• Task instructions
Give the listing again word for word. Leave every image out.

• Information provided
************

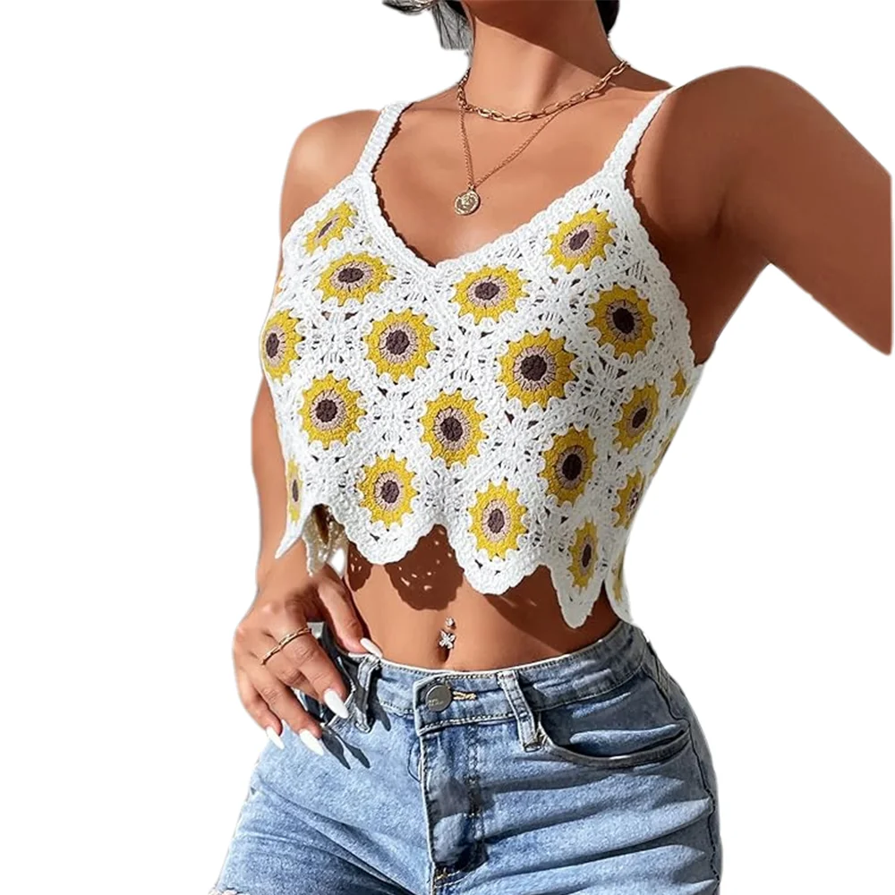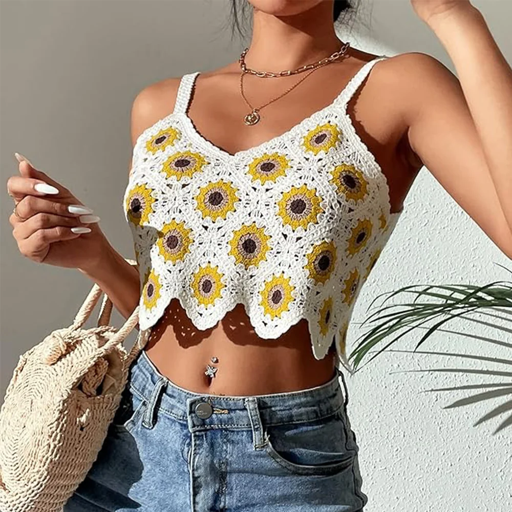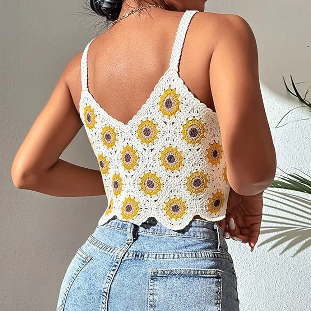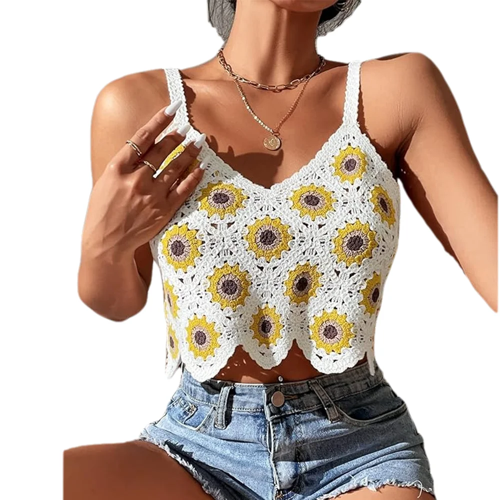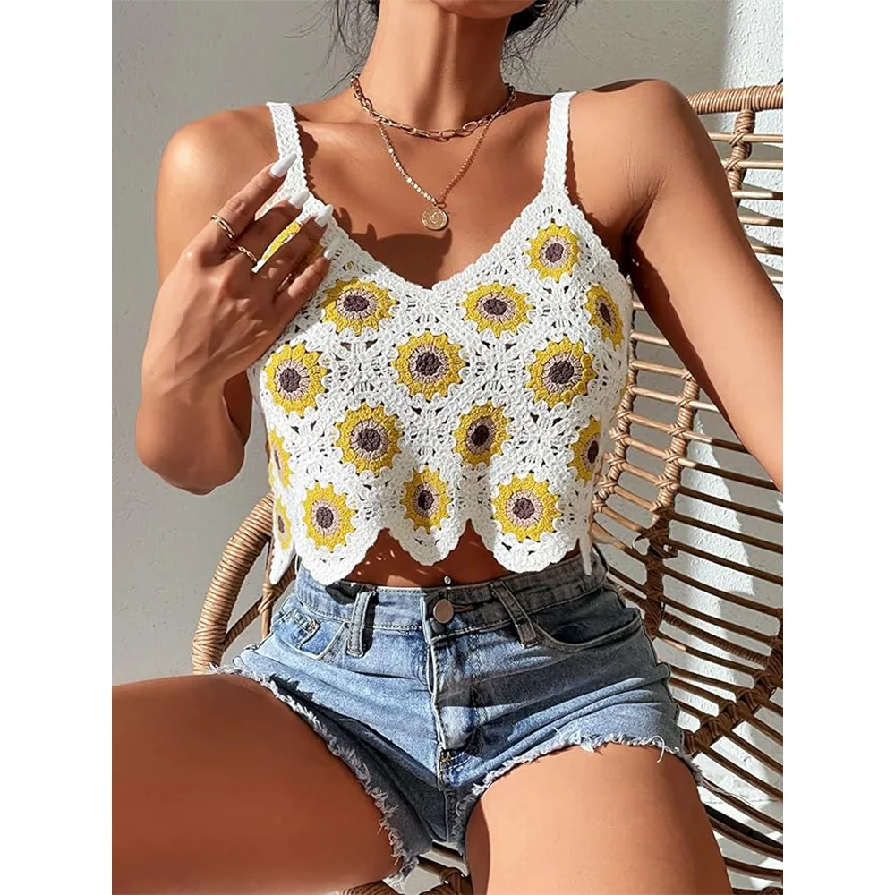Hot Beach Crochet Halter Top Sleeveless Knitted Sweater Vest for Women Knitwear Crochet Clothes Summer Knit Women's Bikini Vest
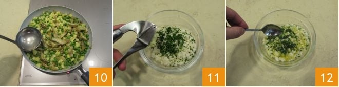 Mezcla suavemente y añade un cucharón de agua de cocción 10, cubre con la tapa y deja cocinar a fuego lento el tiempo necesario para que las patatas estén tiernas pero no se deshagan (bastarán unos pocos minutos). Apaga el fuego, sazona con sal y pimienta. Mientras tanto, desmenuza finamente la miga del pan duro y colócala en un bol junto con el perejil picado, el ajo machacado 11, la sal y el aceite 12.
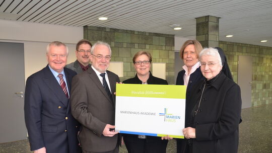 Voller Vorfreude auf den neuen Bildungscampus in Neuwied (von links): Bürgermeister Reiner Kilgen (CDU), Wirtschaftsförderer Jürgen Müller, Oberbbürgermeister Nikolaus Roth (SPD), Akademieleiterin Dr. Birgit E. Schmidt, Geschäftsführerin Christa Gravert und die Stiftungsvorsitzende Schwester Basina Kloos. Ulf Steffenfause

************

• Answer space
Hot Beach Crochet Halter Top Sleeveless Knitted Sweater Vest for Women Knitwear Crochet Clothes Summer Knit Women's Bikini Vest
 Mezcla suavemente y añade un cucharón de agua de cocción 10, cubre con la tapa y deja cocinar a fuego lento el tiempo necesario para que las patatas estén tiernas pero no se deshagan (bastarán unos pocos minutos). Apaga el fuego, sazona con sal y pimienta. Mientras tanto, desmenuza finamente la miga del pan duro y colócala en un bol junto con el perejil picado, el ajo machacado 11, la sal y el aceite 12.
 Voller Vorfreude auf den neuen Bildungscampus in Neuwied (von links): Bürgermeister Reiner Kilgen (CDU), Wirtschaftsförderer Jürgen Müller, Oberbbürgermeister Nikolaus Roth (SPD), Akademieleiterin Dr. Birgit E. Schmidt, Geschäftsführerin Christa Gravert und die Stiftungsvorsitzende Schwester Basina Kloos. Ulf Steffenfause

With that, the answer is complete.